# House Painting



## Mayflower44 (Jul 27, 2012)

I need to get my house exterior painted and wondered if anyone could advise what is the normal cost of hiring scaffolding and/or hiring a painter to reach to gable ends which are out of easy reach! No one in our village speaks English and my Portuguese is not yet good enough to talk about such things! All advice gratefully received.


----------



## canoeman (Mar 3, 2011)

First check if you intend to change colour some Camara still reguire permission given.

If you haven't a contact download a picture from internet add a google translate and visit neighbours, Junta, local bars, hardware/paint shops normally does the trick

Ideally you have someone with you when discussing price so you know what your paying for, how much and when paying NOT before.
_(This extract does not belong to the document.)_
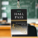 Ombre White e Black School Hall passam crachá para professores de música. As notas de música ouro legal escalam o design com texto branco personalizável. Layout vertical. Personalize-o adicionando seu número de sobrenome e sala de aula. Excelente de volta à escola para professores do ensino fundamental.
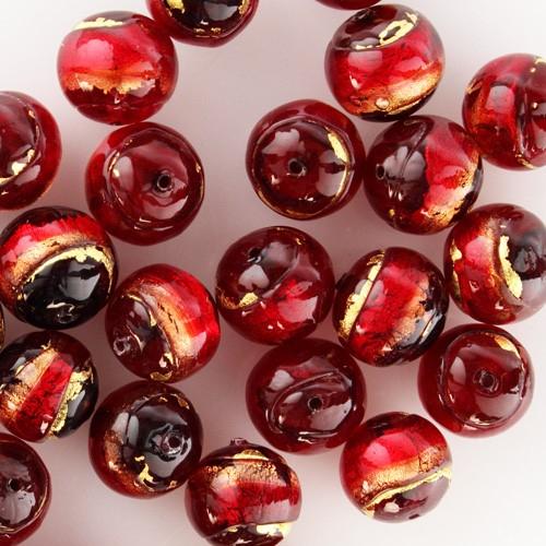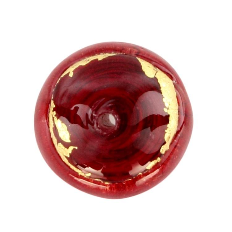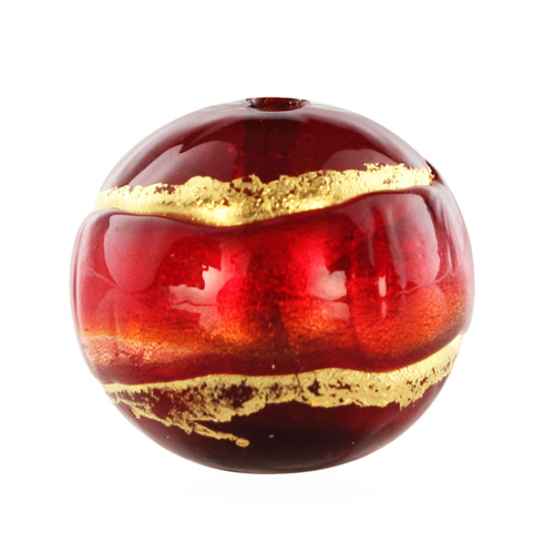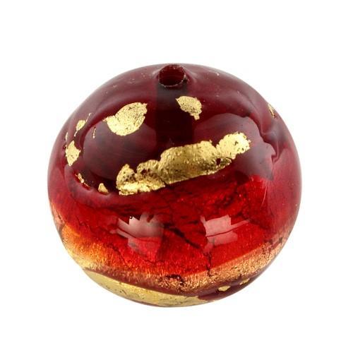 Perla di Murano tonda Sommersa Ø14. Vetro rosso, ametista, foglia oro. Foro passante.

Not generally done at this time of year unless really cool and although exterior "elastic" paint is dear go for the best you can afford otherwise you'll be doing it next year


----------



## In 2 bikes (Apr 18, 2013)

If you are about an hour or less from Coimbra give [email protected] a call. He is English and replies immediately to enquiries. He is doing our detached bungalow (approx the size of an average UK bungalow) for 1900 euros which includes some crack renovation and roof repair. He is power washing the house down and applying two coats of exterior, plastic, white paint. I am very happy with his quote as I would rather have someone do it for that kind of money than struggle by myself with a single ladder. 

ps.. if you do speak with him, mention us....Mark in Caparrosa ;-)


----------



## siobhanwf (Mar 20, 2009)

Mark does this price include paint and fungicide treatment?


----------